В Петербурге началась осень – самое интересное во всех отношениях время. Осенью закипала новая жизнь на весь год, начинались новые предприятия, появлялись новые произведения. Журнал шел хорошо, появились первые отклики на «Униженных и оскорбленных», хвалили, поздравляли. Незаметно промелькнуло сорокалетие, он справил его скромно, вместе с Майковым и Страховым. Отросла борода.
Но все это проходило почти мимо сознания – третий месяц он жил на пределе возможностей, как физических, так, самое страшное, и нравственных. Бешеная любовь вчерашней девочки, оказавшейся вдруг требовательной и неутомимой, выматывала все силы, высасывала все соки. И самое ужасное – она была права, ее не в чем было упрекнуть. Она отдавала все, не спрашивая, не заботясь, не торгуясь, а он вынужден был мелочиться, считаться, размышлять. И с ненавистью, в которой пока еще не хотелось себе признаться, он сознавал, что из-за этого падает с высоты, на которую она его возвела, падает незаметно, медленно, но неуклонно, как в пропасть, – и остановить это падение было невозможно. Но он не просил и не хотел, чтобы это прекратилось. Ему сорок лет, он творец и, следовательно, внутренне абсолютно свободный человек.
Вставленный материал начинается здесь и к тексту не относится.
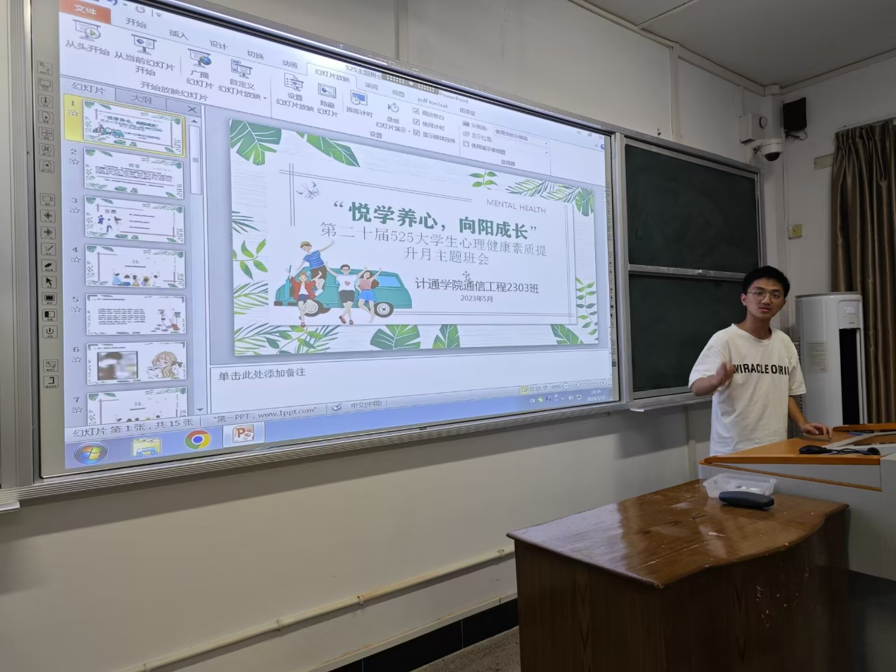 5月中旬以来,计通学院在金盆岭校区组织各班开展第二十届525大学生心理健康素质提升月主题班会——“悦学养心,向阳成长”,各班心委主持开展。

А сейчас он с тоской понимал, что, будучи связан больной женой, бездарным и наглым пасынком, безденежьем и даже каторжным своим прошлым, прежде он был куда свободней. Она требовала своего незримого участия и присутствия во всем, она загораживала небо и теснила Бога. Он понимал, что долго так продолжаться не может, кто-то сломается первым, но кто и как – вот в чем заключался кошмар. И все чаще ему на ум приходили пророческие строчки того, кто сам не вынес и, вероятно, не даст вынести и другой:
Любовь, любовь гласит преданье,
Союз души с душой родной,
Их соединенье, сочетанье,
И роковое их слияние,
И поединок роковой… [125]
История остракизма, которому была подвергнута возлюбленная Тютчева, еще слишком жива была у всех в памяти. И пусть время изменилось, но в глубине души он чувствовал свою неправоту. К тому же, если, как и там, дети… Мысль об этом сводила с ума, детей он хотел безумно. Впрочем, иногда украдкой взглядывая в ее сузившиеся от страсти глаза, он почему-то не сомневался в том, что никаких детей не будет. Да и родной души тоже не было. Была лишь страсть, грешная, тайная, им скрываемая, а ею – нет.
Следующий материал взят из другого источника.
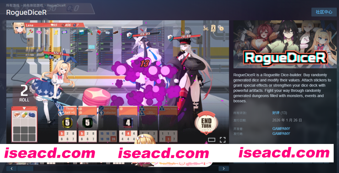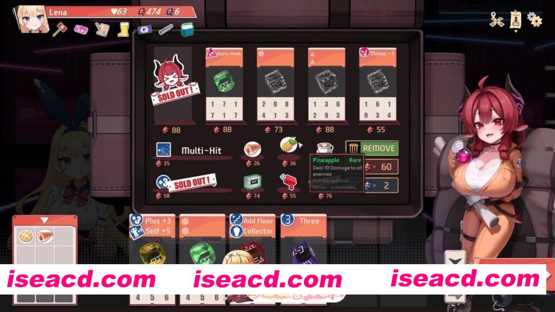 -在商店购买属性随机生成的骰子。 -通过改造增加骰面的数值,贴上贴纸(竟然能贴2张!)赋予特殊效果,或者利用遗物来强化整个骰组。 在随机生成的地牢中,击败各路怪物,打倒那些(也许)能化敌为友、助你冒险一臂之力的Boss们。 -兔女郎、奶昔史莱姆、忍者还有魔法少女,都会向你发起攻击。 -说话语气、行动模式,甚至连“画风”都各不相同的角色们,将向你攻击或发起对话。 操控拥有专属遗物效果的各种角色,展开战略战斗。 -用你喜爱的角色探索地牢,构筑独一无二的骰组吧。

И когда Аполлинария, возвращаясь домой, пропахшая табаком от кончиков пальцев до краешка юбок, ловила на себе возмущенные взгляды Надежды и порою отца, она только лениво поводила сразу как-то вызывающе округлившимся плечом. А он менял по три таза горячей воды у себя в кабинете и не смел зайти в комнату к Маше – от половины флакона кельнской воды, что он выливал на себя, ей становилось дурно.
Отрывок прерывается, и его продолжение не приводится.